Introduction. - Les effets secondaires musculaires des statines (inhibiteurs de l'HMG-CoA réductase) comportent une myopathie, des myalgies, une myosite ou une authentique rhabdomyolyse. Plus récemment, la survenue de maladies auto-immunes de type lupus, vascularite, polymyosite ou dermatomyosite a été rapportée au cours d'un traitement par statines.

Exégèse. - Nous rapportons un cas de dermatomyosite chez une patiente traitée par pravastatine (Elisor^®) depuis deux ans. Le diagnostic est établi devant les signes cliniques cutanés et musculaires et l'élévation des CPK (40 N) tandis que les examens immunologiques sont négatifs, avec un électromyogramme (EMG) et une biopsie musculaire quasiment normaux. Le traitement par pravastatine est arrêté. La patiente récupère en trois mois, sous traitement par corticothérapie locale. La recherche d'un cancer est négative. L'analyse de la littérature confirme la rareté de cette association en trouvant huit autres cas. L'élévation des CPK est constante. La biopsie musculaire et/ou l'électromyogramme ont conforté le diagnostic dans la moitié des cas. Le traitement a été arrêté chez tous les patients et six ont reçu une corticothérapie générale pour obtenir cette amélioration. Tous sauf un ont guéri, une patiente décédant d'une fibrose pulmonaire extensive malgré un traitement immunosuppresseur par cyclophosphamide (Endoxan^®).

Conclusion. - Une dermatomyosite survenant chez un patient traité par statines doit faire discuter la responsabilité du traitement dans l'apparition de la maladie et impose son arrêt. L'évolution de la maladie, parfois spontanément favorable, peut aussi nécessiter le recours aux traitements usuels, corticothérapie générale en premier lieu.

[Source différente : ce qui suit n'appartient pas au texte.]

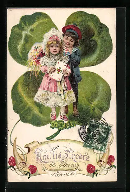 AK Kinder mit Brief vor riesigem Kleeblatt

Introduction. - The toxic myopathy caused by statins (HMG-CoA reductase inhibitors) is well established. Recent reports add to these effects systemic immune diseases including systemic lupus erythematosus, vasculitis, polymyositis or dermatomyositis.

Exegesis. - We report a case of dermatomyositis in a 69-year-old patient treated with pravastatin [Elisor^®]. She presented with typical features of dermatomyositis 2 years after she started a treatment with pravastatin. The treatment was discontinued and she slowly improved, with a transient dermocorticosteroid treatment. Eight other patients with dermatomyositis and chronic treatment with HMG-CoA reductase inhibitors are reported in the literature. All of them presented with classical features of dermatomyositis. The discontinuation of the treatment was followed by spontaneous clinical and biological improvement in 3/9 patients. The other patients received high doses of corticosteroids and improved, except one patient who died of respiratory failure (pulmonary fibrosis) despite the adjunction of oral cyclophosphamide [Endoxan^®]. In these patients, dermatomyositis can be considered as a severe adverse reaction to HMG-CoA reductase inhibitors although a distinct casual link cannot be definitely established.

Conclusion. - The increasing prescription of statins has led to the parallel increment of reported side-effects, where autoimmune diseases are now described. Among them, our case of dermatomyositis in a patient receiving pravastatin adds to the eight reported cases in the literature and highlights the potential role of statins as triggers of immune systemic diseases.